This paper has shown several examples of how the regulatory process evolves and improves when its shortcomings are recognized. For example, in response to calls for more systematic reporting of adverse effects of drugs, FDA started its MEDWatch program. Similarly, when concerns arose about treating children with drugs that had never been tested on children, Congress acted to stimulate clinical testing on that population by enacting the pediatric exclusivity provision, which has resulted in a flurry of pediatric studies by the drug manufacturers. At times, public opinion can influence the regulated industry directly, for instance, when the pharmaceutical industry responded to criticism of the short duration of its clinical trials of SSRIs by voluntarily undertaking longer trials than are suggested by FDA guidelines.

That said, there are many areas for improvement in the regulatory process. The increasing influence the drug industry wields over academic research is disturbing and should be addressed through legislation or regulation.
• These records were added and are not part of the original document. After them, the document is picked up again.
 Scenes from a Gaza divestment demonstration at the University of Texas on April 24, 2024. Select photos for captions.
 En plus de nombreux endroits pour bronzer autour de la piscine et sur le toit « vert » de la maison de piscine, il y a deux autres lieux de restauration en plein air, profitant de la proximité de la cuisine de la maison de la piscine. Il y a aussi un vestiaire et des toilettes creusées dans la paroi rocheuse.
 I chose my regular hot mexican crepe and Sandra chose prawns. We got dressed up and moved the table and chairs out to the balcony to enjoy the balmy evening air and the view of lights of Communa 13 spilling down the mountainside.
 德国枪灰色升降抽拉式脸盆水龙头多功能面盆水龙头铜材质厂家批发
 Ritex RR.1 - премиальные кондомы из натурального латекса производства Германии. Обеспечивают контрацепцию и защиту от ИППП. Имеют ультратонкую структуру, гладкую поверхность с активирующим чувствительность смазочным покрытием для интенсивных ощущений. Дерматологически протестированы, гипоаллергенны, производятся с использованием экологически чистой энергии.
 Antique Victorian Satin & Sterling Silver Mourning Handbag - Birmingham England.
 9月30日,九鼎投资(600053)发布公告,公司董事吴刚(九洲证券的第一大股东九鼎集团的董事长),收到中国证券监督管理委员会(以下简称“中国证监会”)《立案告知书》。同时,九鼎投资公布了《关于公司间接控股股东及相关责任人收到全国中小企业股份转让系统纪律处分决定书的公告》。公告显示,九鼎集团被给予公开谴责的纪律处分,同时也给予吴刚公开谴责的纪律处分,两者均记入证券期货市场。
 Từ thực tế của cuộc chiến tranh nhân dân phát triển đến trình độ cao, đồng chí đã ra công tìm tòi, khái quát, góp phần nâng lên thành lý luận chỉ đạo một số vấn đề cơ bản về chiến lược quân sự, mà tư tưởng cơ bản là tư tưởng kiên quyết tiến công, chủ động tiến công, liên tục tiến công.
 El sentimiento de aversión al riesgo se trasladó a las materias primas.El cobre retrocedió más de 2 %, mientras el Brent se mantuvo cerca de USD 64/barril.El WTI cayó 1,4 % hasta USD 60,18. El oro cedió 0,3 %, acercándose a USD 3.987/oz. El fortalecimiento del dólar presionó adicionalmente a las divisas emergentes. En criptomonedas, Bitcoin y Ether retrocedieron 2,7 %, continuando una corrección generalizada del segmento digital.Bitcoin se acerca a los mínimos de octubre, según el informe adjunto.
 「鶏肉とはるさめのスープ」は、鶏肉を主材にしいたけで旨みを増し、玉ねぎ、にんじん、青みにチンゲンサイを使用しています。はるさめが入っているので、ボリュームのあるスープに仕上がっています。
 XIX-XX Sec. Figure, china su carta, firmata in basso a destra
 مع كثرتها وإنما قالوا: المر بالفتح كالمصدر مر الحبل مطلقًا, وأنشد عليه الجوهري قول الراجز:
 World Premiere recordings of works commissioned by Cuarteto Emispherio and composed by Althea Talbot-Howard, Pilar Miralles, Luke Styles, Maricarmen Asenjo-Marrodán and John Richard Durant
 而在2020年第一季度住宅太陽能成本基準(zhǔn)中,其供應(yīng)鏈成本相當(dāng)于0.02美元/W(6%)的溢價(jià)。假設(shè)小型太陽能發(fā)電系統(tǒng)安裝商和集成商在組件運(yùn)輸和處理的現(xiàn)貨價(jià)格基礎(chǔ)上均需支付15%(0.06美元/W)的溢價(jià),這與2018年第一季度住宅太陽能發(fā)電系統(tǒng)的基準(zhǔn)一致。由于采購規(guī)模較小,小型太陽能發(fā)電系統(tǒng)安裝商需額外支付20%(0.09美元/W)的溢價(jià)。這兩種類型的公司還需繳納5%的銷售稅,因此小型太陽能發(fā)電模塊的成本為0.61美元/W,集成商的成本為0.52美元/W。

In addition, FDA, the industry, and academic researchers should work together to hone the way they evaluate the efficacy of antidepressants in animals and humans, and in particular, to create a more objective yardstick than the existing Hamilton scale. Further, at least in cases where there is some legitimate concern about a drug’s serious adverse effects like suicide or other types of death, drug companies should be required to make all clinical studies available to FDA so that the agency can review all relevant information in deciding how best to protect the public.

Additionally, although MEDWatch is clearly superior to the absence of any reporting system, greater post-marking monitoring of drugs is needed. For example, FDA should require longitudinal studies on antidepressants after drugs are on the market. Ideally, FDA would beef up post-market monitoring of drugs, but of course this type of regulatory would require significant extra resources. In addition, FDA should take great pains to allow and encourage people with views opposed to those of the drug industry to present their stance to the agency on controversial topics to avoid any appearance of impropriety. Following both the 1991 and 2004 hearings on the potential connection between antidepressants and suicide, the press reported that FDA effectively silenced certain individuals whose views were antithetical to the industry. In 1991, the influential Dr. Teicher was allowed to give only an abbreviated informal presentation, and in 2004 FDA’s own scientist Dr. Mosholder was not permitted to testify at all. Of course there is a finite amount time for testimony at these hearings and FDA cannot be expected to allow every person a formal presentation, but the agency should be aware of its responsibilities not only to actually be fair in the evidence it considers, but also to appear to the public to be fair.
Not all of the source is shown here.